When you started your shop business, you may have envisioned yourself signing with a dream client, or cutting the ribbon of a new facility. You probably didn’t picture yourself exhausted, overwhelmed, and thinking about throwing in the towel. Nevertheless, nearly all entrepreneurs find themselves in this situation at least once (and often multiple times) during their careers.

No wonder, says small business fixer Julie Bee: The “burnout deck” is stacked against us.

“As a business owner, you’re financially responsible for a lot of people, your reputation is constantly on the line, and you’re often figuring out next steps (or as the case may be, frantically putting out fires) on the fly,” says Bee, author of Burned: How Business Owners Can Overcome Burnout and Fuel Success. “Plus, it’s lonely at the top! You may not have a trusted peer or mentor to ask for advice, empathy, or help.” 

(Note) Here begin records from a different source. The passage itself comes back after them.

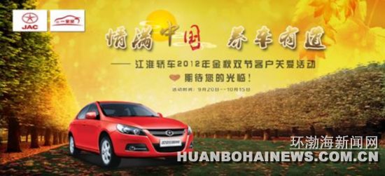 9月20日—10月15日,在中秋•国庆双节到来之际,江淮为答谢广大车主长期以来的支持,并保障双节期间客户探亲访友、自驾游等用车需求,江淮轿车特推出情满“中•国” “养”车有道——江淮轿车金秋双节客户关爱活动。
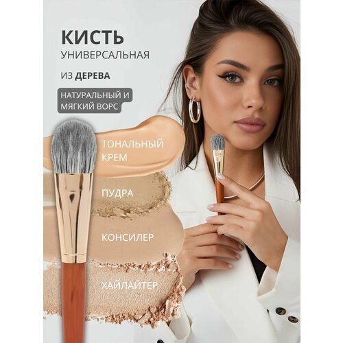 НАЙТИ ВЫГОДНЕЕ - Универсальная кисть для нанесения тона, скульптора, пудры и румян - премиум, деревянная ручка
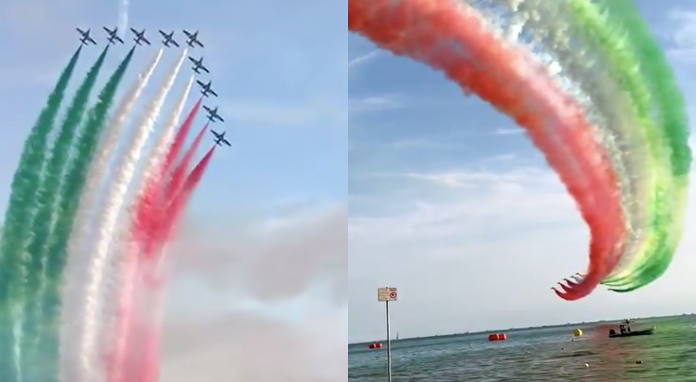 The video shows the team creating the Italian national flag out of colored smoke, to the accompaniment of Luciano Pavorotti’s “Nessun Dorma” from the Italian opera Turandot.
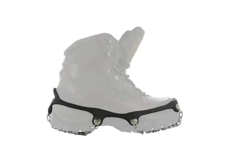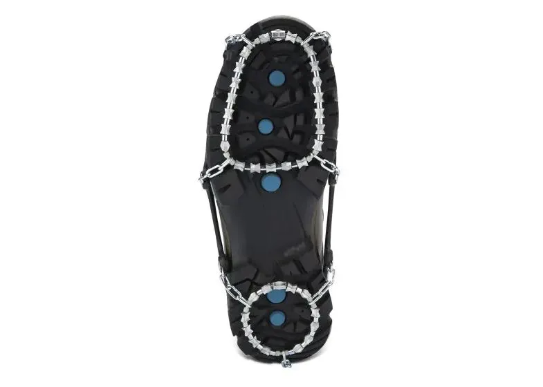 Constructed of case-hardened steel alloy and strung on steel aircraft cable, the Yaktrax Diamond Grip provides aggressive traction in winter walking conditions. Patented Diamond Beats grip in all directions and remain elastic in sub-zero temperatures.
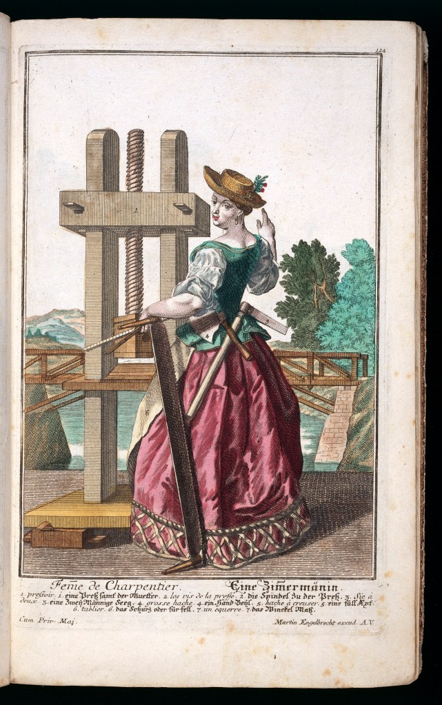 Feme de Charpentier, A female Carpenter with tools costume and apparatus

The result is that most entrepreneurs tend to ignore, minimize, and hide their own struggles and stress as they prioritize the business, their employees, and their customers. They believe that if they put their heads down and just keep grinding, things will eventually get better.

Many don’t realize how badly they need help, and even those who do often resist seeking it out, says Bee. “Admitting we’re not okay can feel terrifying.”

Bee speaks from experience. Several years ago, she went to the ER for what she thought was a heart attack—but it turned out to be a panic attack brought on by business owner burnout.

In hindsight, this shouldn’t have been a surprise, says Bee. “I had way too much on my plate, and I had been ignoring the many signs that I was exceeding my bandwidth. I thought I didn’t have time to be stressed, and not addressing it took a serious toll.”

In Burned, Bee acknowledges that periodic stress, struggle, and even burnout are givens when you own a business. Her book provides tactical advice on how to make space for addressing burnout, fix any problems it has caused, and leverage its lessons while running a company and placing guardrails around your mental health.

 Here, she shares ten things you need to know when (not if!) business owner burnout looms on the horizon.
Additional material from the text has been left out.